The reason Wanda Maximoff knows her old American TV shows on WandaVision - Polygon

WandaVision is full of homages to classic sitcoms, with most episodes so far (save for episode 4’s interlude) paying tribute to a different era of American television. It’s a fun setup that offers some interesting downtime for the characters who are normally caught in the middle of other people’s stories.

The show’s also raised two burning questions, if my Twitter feed is any indication: How do Kids These Days in the audience understand the references? And why does Wanda Maximoff, who grew up in the fictional Southeastern European country of Sokovia, have such an intimate knowledge of American television?

What some Marvel fans peg as a plot hole I see as a remarkable case of fridge brilliance, the trope named for the realization that something initially questionable in movies or TV actually makes clicks into place when examining the full details. Hovering between Millennials and Gen Z, I can’t speak for all Kids These Days, but I am familiar with older sitcoms. And my experiences in Eastern Europe are the reason why — which is why Wanda’s perspective makes complete sense to me.
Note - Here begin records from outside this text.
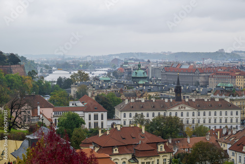© Natalia, Obraz premium Panorama of Prague. Cityscape of old city with river Vltava
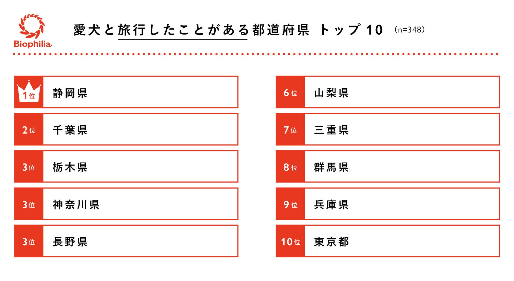 愛犬と行った旅行先ランキング、1位:静岡県、2位:千葉県、3位:栃木県
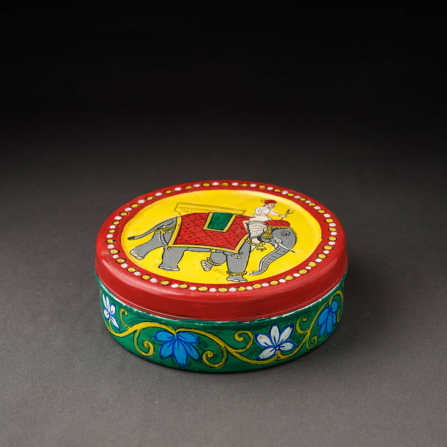 Multicolor kavad handpainted stainless steel masala box with waterproof acrylic color on very high quality stainless steel by the artisans of Mewar, Rajasthan. It has inner steel lid with seven small masala containers (for spices) & one small spoon inside. This masala box can be used in kitchen daily.

I spent many childhood summers visiting my grandparents in Croatia, before the Southeastern European country was a premier vacation destination (and before Game of Thrones was filmed there). And like any other bored kid, I killed time by watching a lot of television.

Here’s the thing about American television abroad: The more popular a show was in its original run, the more expensive syndication becomes in another country. But at the same time, there’s no point in paying for a show nobody watched. A series still needs to have decent success to be considered worth the expense.
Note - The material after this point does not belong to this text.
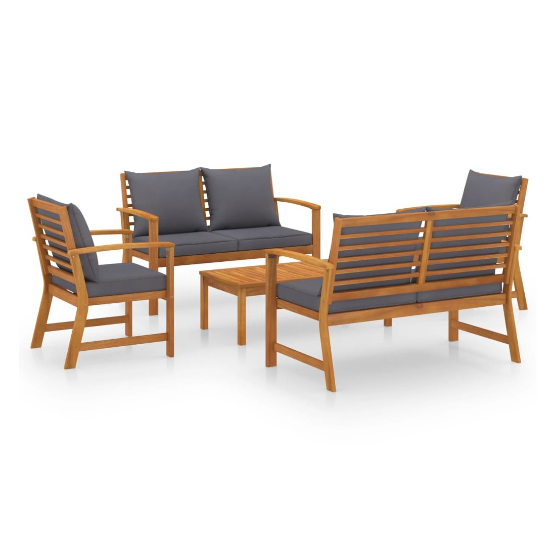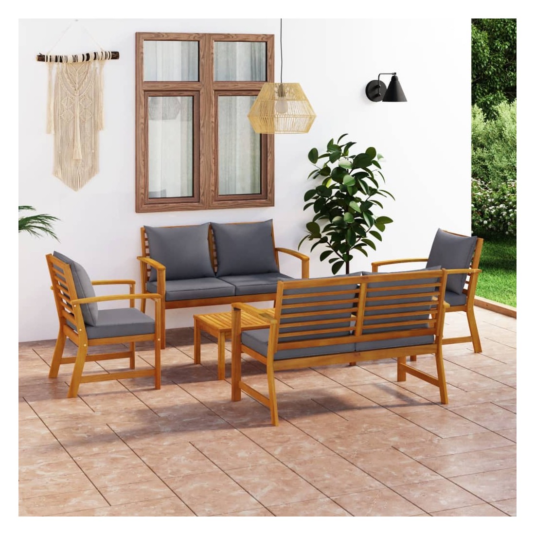 Salon de jardin 5 pcs avec coussin Bois d'acacia solide

And so international syndication deals are often struck for off-network shows, which are significantly cheaper to license than shows currently on air, and for the most part, have a proven popularity factor. A lot of the shows I watched during my childhood summers ended up being ones that had been off the air for years, like Alf, Married with Children, and Just Shoot Me.
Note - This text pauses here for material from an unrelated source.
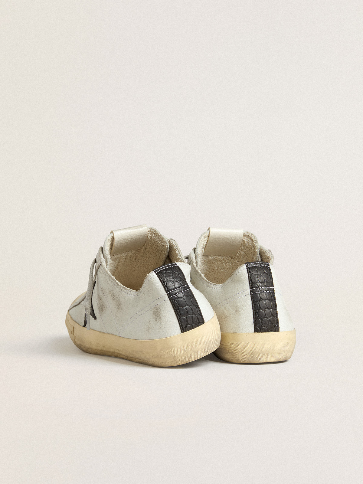 Crear cuentaLa belleza reside en la simplicidad: nuestras V-Star representan la unión entre una forma esencial y detalles de estilo. Este modelo con pala de piel blanca se caracteriza por su estrella y su refuerzo del talón de piel con estampado cocodrilo color negro. Y como toque final, la puntera de goma blanca y los cordones grises.

Wanda and Vision suddenly go from black and white to color in WandaVision Photo: Disney Plus

Admittedly, I only really started paying attention to shows that weren’t cartoons when I was a bit older, around the late 2000s. (Yes, I’m young). In that particular time period, it meant I watched a lot of ’80s and ’90s shows. Of course, nowadays, with Netflix and streaming and the internet (not to mention piracy) there isn’t as staggered a delay in consuming new media. Globalization is rapidly expanding across the world in 2020, but Wanda Maximoff didn’t grow up in the days of Disney Plus and easy internet access. We now formally know she was born in 1989, which means it’s very likely that she spent her childhood and adolescence watching the eras of American sitcoms we’ve seen so far in WandaVision.

This might not be intentional on behalf of the writers — after all, it’s equally as likely that Wanda camped out in Avengers Tower and watched Full House on Hulu. But as someone who specifically learned most of her American television cultural canon from being overseas in Eastern Europe, it resonates specifically to my own experiences. WandaVision is full of homages to older sitcoms, references and Easter Eggs to Marvel comics and movies, and maybe, in this case, a little brilliant nod to a specific real world occurrence.